I've been trying to find the limits on arc flash...what tasks or equipment have been documented to cause an arc flash, what are the upper and lower limits in terms of voltage, number of victims, types of injuries, etc.
"OSHA Arc-Flash Injury Data Analysis", Carig M. Wellman, paper ESW2012-28, looks at arc flash injuries. Figue 3 shows a chart showing the type of injury (burns, smoke inhalation, shocks, fatalities). The text points out that based on the data analyzed from April, 1984 through June, 2007, 11% of injuries at 480 V resulted in fatalities, while there were zero fatalities below 480 V.
If Wellman had just a few months more data, he would have come across case #201282837 which occurred on August 18, 2007:
Quote:
At approximately 4:00 p.m. on August 18, 2007, Employee #1 and a coworker were removing the 120/240-volt electrical panel at a building in Doraville, GA. The two men had arrived at work at 3:00 p.m. dressed in tank tops and jean shorts and were waiting for Georgia Power to deenergize the circuit, which was scheduled for 5:00 p.m. Before Georgia Power arrived, however, they began to remove the panel by disconnecting circuit breakers and removing the panel's supports. At approximately 4:00 p.m., the coworker was on a ladder above the panel, and Employee #1 was standing on the ground in front of it when there was an arc flash and fire. The workers were transported to Grady Memorial Hospital for treatment. Employee #1 suffered severe burns over 60 percent of his body and died on October 15, 2007. The coworker's legs were badly burned and he was sent home to recover.
This seems to confirm that it is certainly not only possible to create a good sized arc flash below 480 V but that it can even lead all the way to a fatality.
I was however not able to find a case from 2007 to 2011 at least in which more than one fatality occurred. From a pure numbers case, the highest number of injuries that I uncovered was case #200375723 on 10/28/2011:
Quote:
On October 28, 2011, Employees #1 through #4, with Loris Healthcare System, and Employee #5, an electrician with Cayce Company, Inc. (an electric contractor), were adding a circuit to the outside of Sea Coast Medical Center to power mobile medical equipment. They were preparing to pull electrical wire through a recently-installed conduit. Employee #1, the Plant Services Supervisor, removed the factory-installed protective tape from the energized bus bar of a 480 volt, 3000 Amp main breaker panel in the main electrical room. He was standing directly in front of the open panel with his hands inside it. When Employee #1 used a screw driver to scrape away tape adhesive, an arc flash occurred. He was engulfed in flame and received third-degree burns over approximately 48 percent of his body, primarily from the waist upward. Employee #1 died approximately three weeks later. Employee #2, an electrician/data communications technician who was standing beside Employee #1, approximately 1 ft from the front of the panel, was hospitalized for third-degree burns on his face and arms. Employee #3, who was standing approximately 6 ft from Employee #1, was treated at Sea Coast Medical Center for smoke inhalation. Employee #4, who was approximately 12 to 16 ft from the panel and walking away from it, was struck by flying debris but uninjured. Employee #5, who was working approximately 8 ft from the panel, received a first-degree burn on his upper arm from a piece of flying slag from the bus bar. This task was nonroutine for the employees of Loris Healthcare System; standard practice was reported to be that all energized electrical work was to be performed by contractors. Factors in the incident included failure to wear arc flash PPE, lack of a cover on the main panel, and failure to prohibit employees from working in proximity of energized electrical parts.

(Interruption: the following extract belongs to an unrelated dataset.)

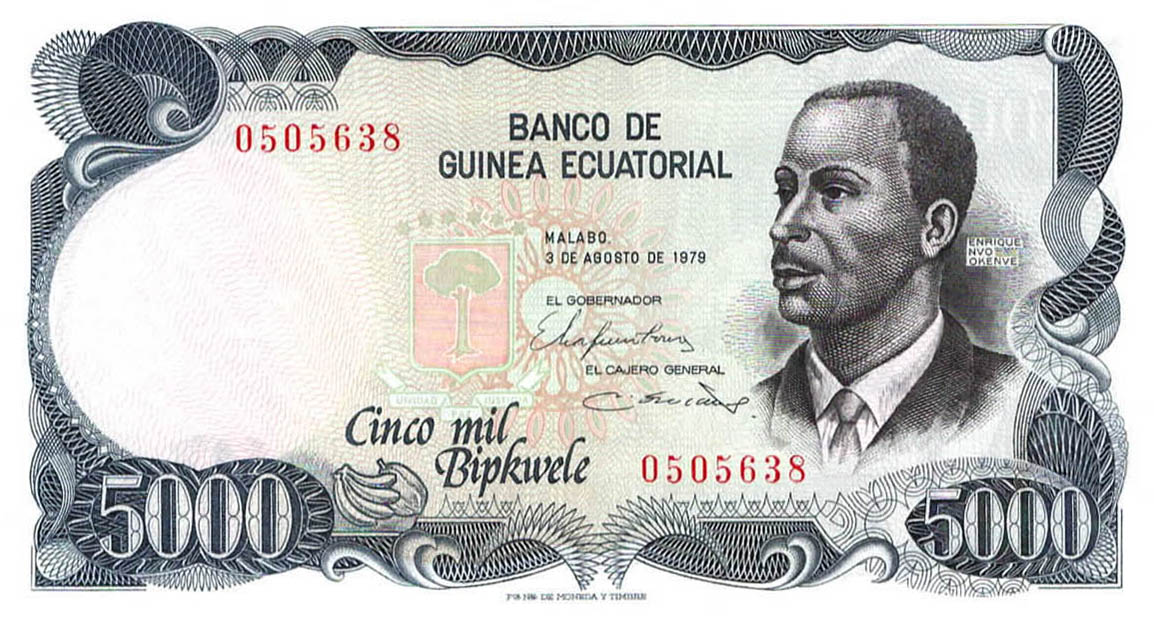 P.13 - 1000 Ekuele - 7.7.1975. President M.N.Biyogo at right. Watermark: M.N.Biyogo. Printer: TDLR.

That makes 1 fatality, 2 serious injuries, and 2 minor injuries, for a total of 5 victims.
For the data from 2007-2011, I did not find any cases with more than 1 fatality. Fatalities themselves are very few in total numbers. The vast majority of cases are serious burn injuries requiring hospitalization. However keep in mind the same thing that Wellman notes...the database is based on accidents that OSHA investigated. It is thus a sampling and definitely not a random or statistical sampling so we can certain draw some conclusions about the "scope" of arc flashes but we cannot do any data mining looking for things like the ratio of serious injuries to fatalities.